Another sip, again too brief to divert Ernest. “Of course, however deep the doubts, freelunchism was never going to be openly promulgated by corporate media monopolies, nor supported by other corporations—at least not until after the Net’s introduction of plurocracy, ironically perhaps the ultimate form of globalisation. When that happened, corporate campaigns to suppress plurocracy met so much popular opposition, even from within the corporations’ own ranks, that self-doubt and internal contradiction defeated them. Eventually, they resolved, reorganised, and scaled down; disseminated their knowledge and experience, and their more sensible equipment, to local people; and passed into history.”

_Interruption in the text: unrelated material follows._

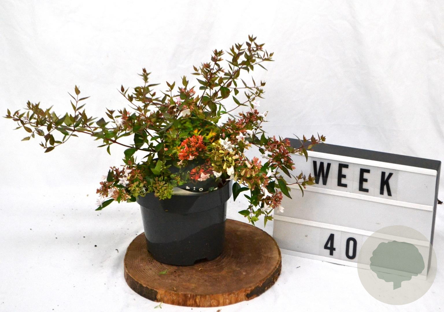 | Toelichting | Abelia is een prachtige heester met roze bloemen en groen blad. Deze plant bloeit van juni tot september en gedijt goed in zon en halfschaduw op lichte klei, neutrale grond of goede tuingrond. |

I shook my head. “I still find it hard to understand how it all could have started.”

“So do most of us even now. It was very gradual don’t forget—evolution rather than revolution. Quite unlike the dog-eat-dog shock therapy that many communist countries employed to birth themselves, and to later revert to free markets. But there must have been any number of chance events that hurried the transformation along, as well as many that slowed it down. Still, it was sure to happen, as soon as there was enough agreement as to what to change to—and as soon as there was Net plurocracy.”

He emptied his glass, and refilled it, apparently satisfied that he’d said all that was necessary.

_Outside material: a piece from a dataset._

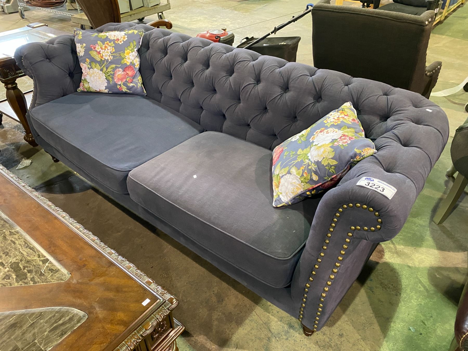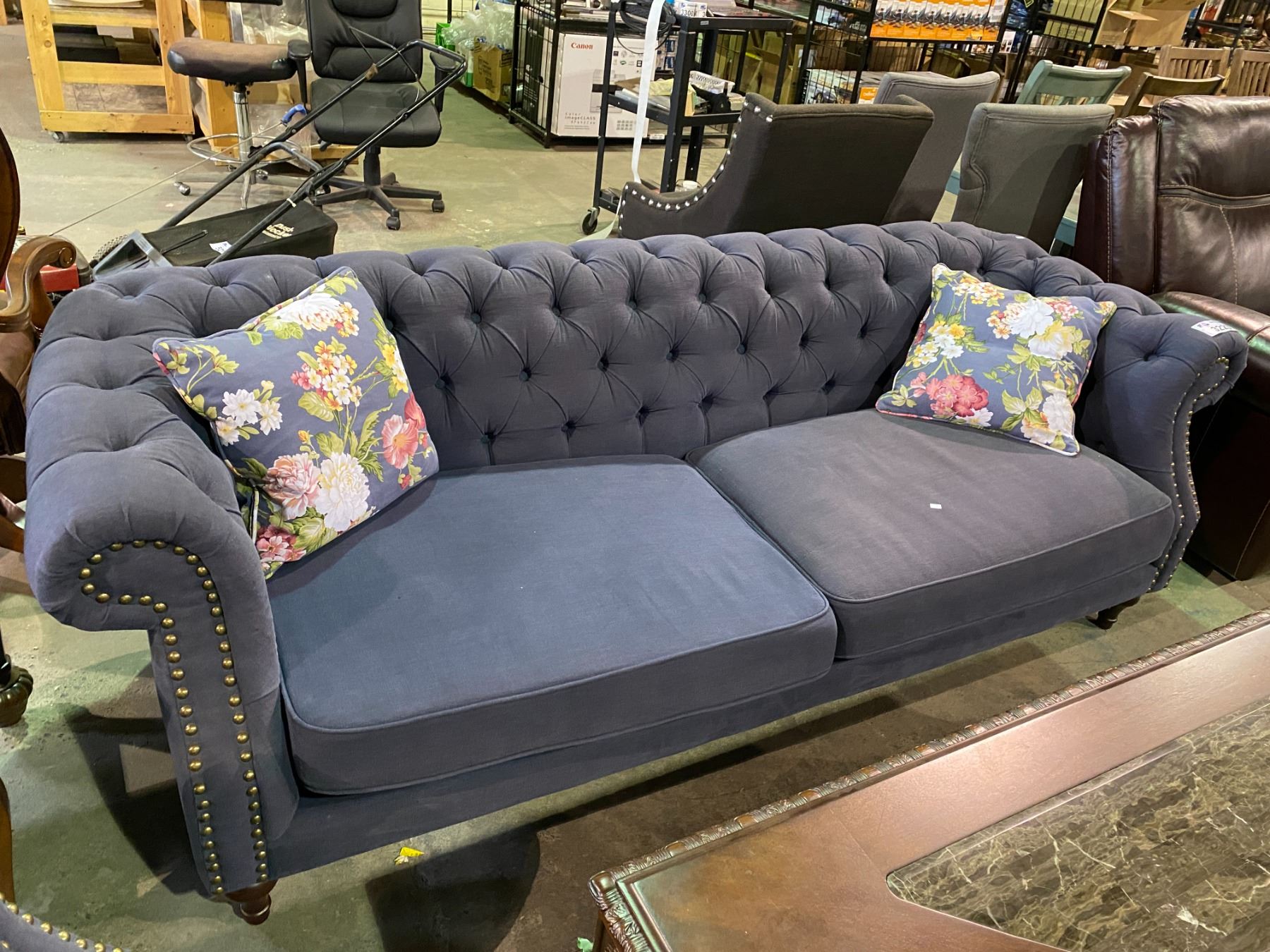 BLUE BUTTON BACK SOFA WITH 2 THROW FLORAL PRINT PILLOWS APPROX. 86" LONG

I felt I should make an effort to repudiate his explicit and implicit criticisms of the world and time I knew—but I found I could not bring myself to do so. Not just because I expected to be overwhelmed by another round of counter-arguments. It had more to do with doubting my own case. I’d been in this future for nearly a week, and, perhaps belatedly, it had forced me to reassess the systems and orthodoxies of my own time: not only were they losing some of their appeal, but worse, from my point of view, they were starting to seem a tad arbitrary. That did not stop me from wanting to return home, to be with my wife and family again, but I had to concede, there were aspects of the return I would not welcome. I was beginning to think this future—this dream of the future—had a few things at least to recommend it.

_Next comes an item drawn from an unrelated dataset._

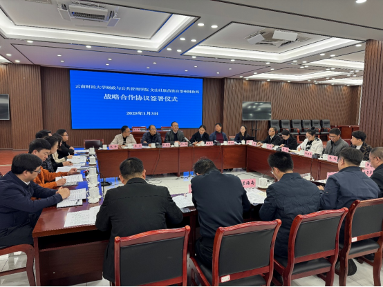 2025年1月3日,财政与公共管理学院与文山州财政局在文山举行战略合作协议签署仪式,学院院长缪小林和文山州财政局局长、州国有企业工委书记吴长明共同为在文山州财政局设立的“财政实践基地”揭牌。签约仪式由文山州财政局副局长杨友富主持。

In any case, the silence lasted barely a second or two before there was a knock at the front door.

I remained in my seat, lost in thought, as Ernest left the room.

“Been practicing a new speech have you?” came a familiar voice from the doorstep.

“No,” said Ernest, a little uncomfortably, “just thinking aloud.”

“I’ve got to talk to you Ernest,” said the other voice—Yvette’s voice.

“Of course,” said Ernest, even more uncomfortably.

Suddenly shaken from thought, I realised it might be wise to make myself scarce. I stood, looked hastily for the best place to hide. But Yvette’s voice drew rapidly closer.

“This masquerade you’ve been performing,” she said, “pretending to be Steven—I was speaking with a psychologist at the party last night. He thinks—”

Her voice stopped abruptly as she entered the doorway to the lounge, and saw me walking out of the room as hurriedly as my attempts to be silent would allow. We both stopped in our tracks. Her jaw dropped, then she spun to stare at Ernest a step behind her—he looked almost as ruffled as I felt. She turned to stare at me again, her mouth still wide open in shock. She closed her eyes, opened them, blinked, turned to face Ernest, then swapped her attention several times back and forth between the two of us—before she eventually backed up against the doorframe and demanded, “Will one of you please tell me what the hell is going on?”

Almost at once, it became the turn of Ernest and myself to drop our jaws. As I moved towards Yvette, not sure what to say, but wanting to lend comfort, I stopped in my tracks. Before my eyes, her long-sleeved floral shirt blurred and shifted, and in moments was replaced by a decidedly different, short-sleeved, grey, striped T-shirt.